→ To do: Could the data below be copied exactly, minus the pictures?

→ Source material:

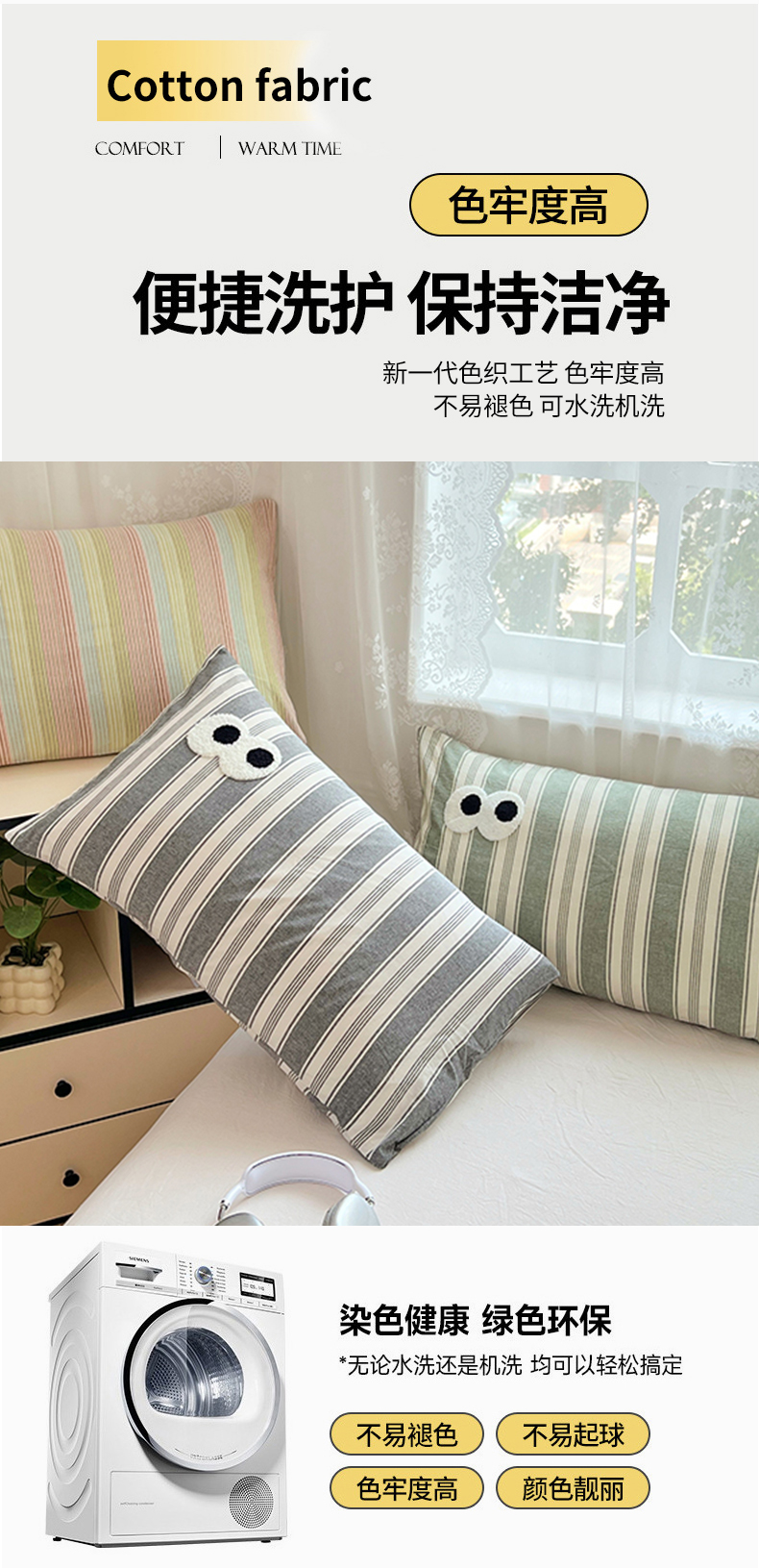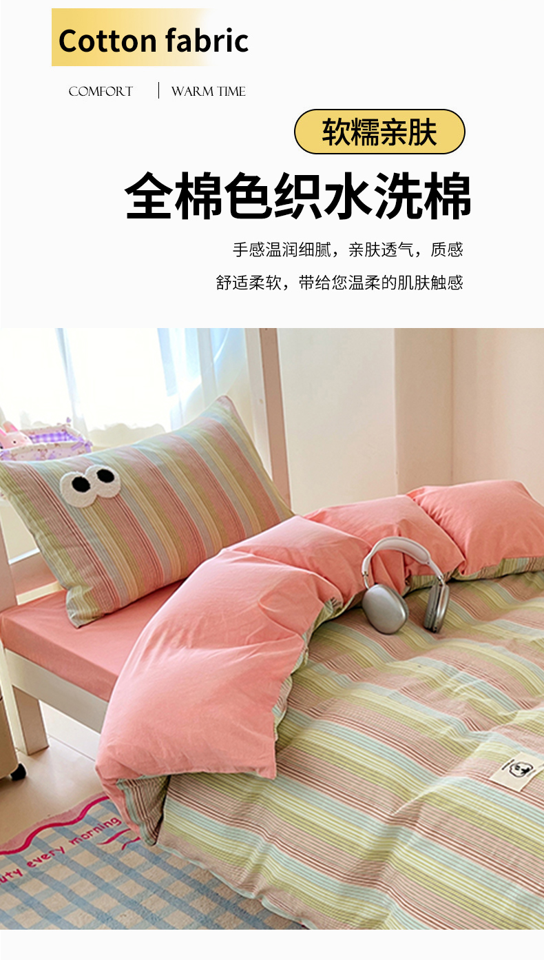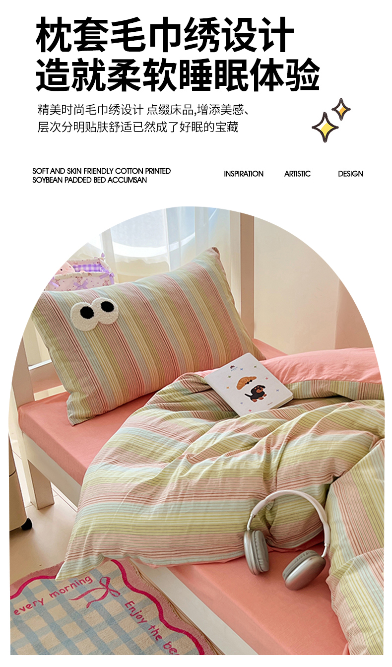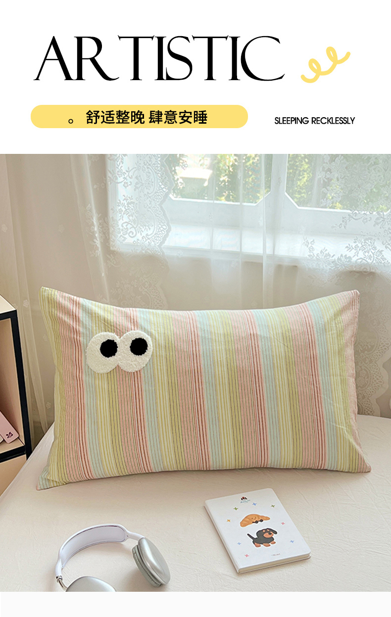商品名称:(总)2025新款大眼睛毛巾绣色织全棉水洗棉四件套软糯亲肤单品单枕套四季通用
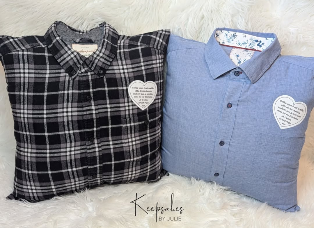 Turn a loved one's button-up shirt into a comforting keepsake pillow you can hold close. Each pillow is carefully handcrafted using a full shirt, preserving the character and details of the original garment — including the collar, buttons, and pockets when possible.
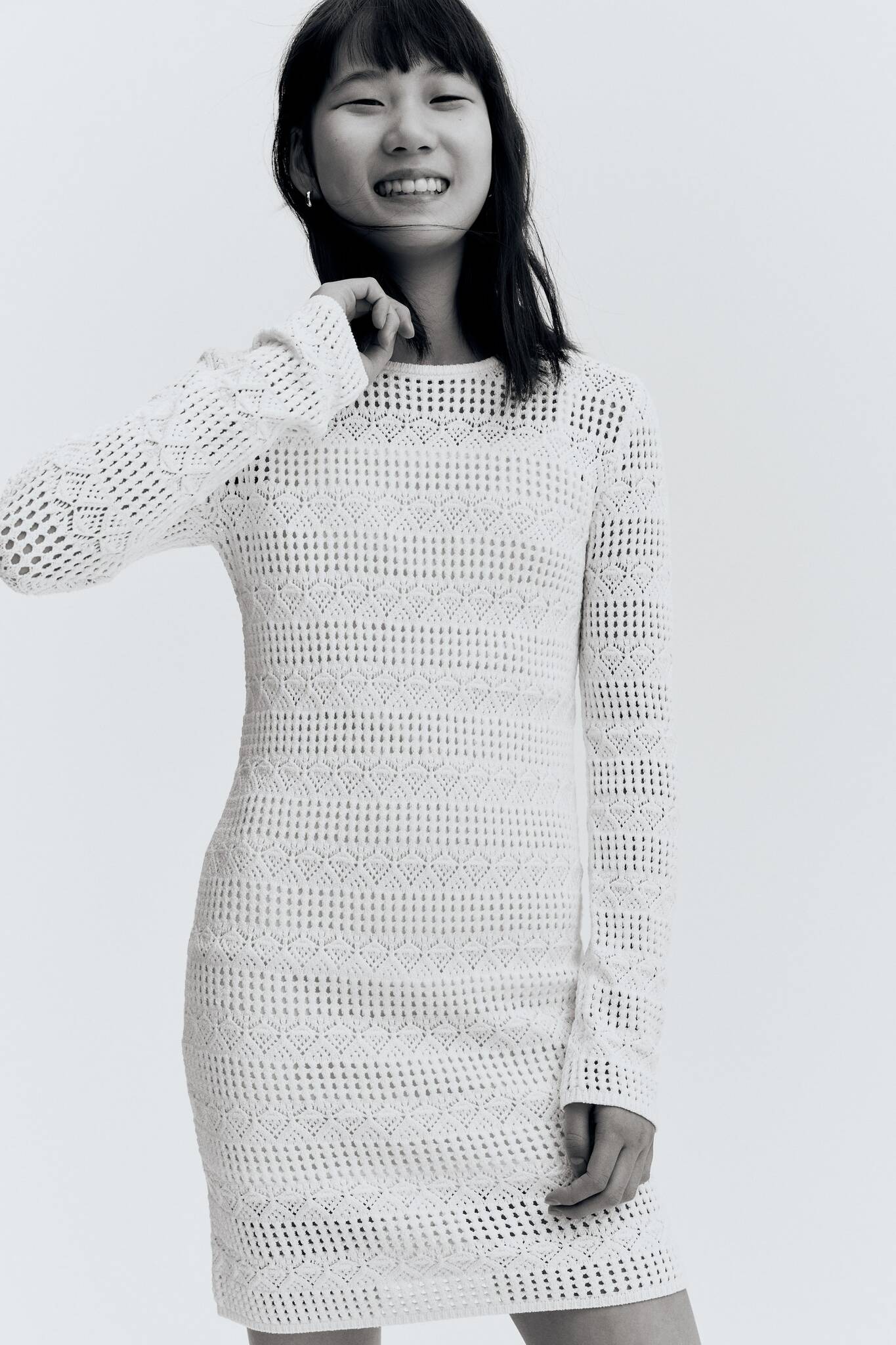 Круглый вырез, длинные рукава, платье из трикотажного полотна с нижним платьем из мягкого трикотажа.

→ Expected answer:
商品名称:(总)2025新款大眼睛毛巾绣色织全棉水洗棉四件套软糯亲肤单品单枕套四季通用
 Turn a loved one's button-up shirt into a comforting keepsake pillow you can hold close. Each pillow is carefully handcrafted using a full shirt, preserving the character and details of the original garment — including the collar, buttons, and pockets when possible.
 Круглый вырез, длинные рукава, платье из трикотажного полотна с нижним платьем из мягкого трикотажа.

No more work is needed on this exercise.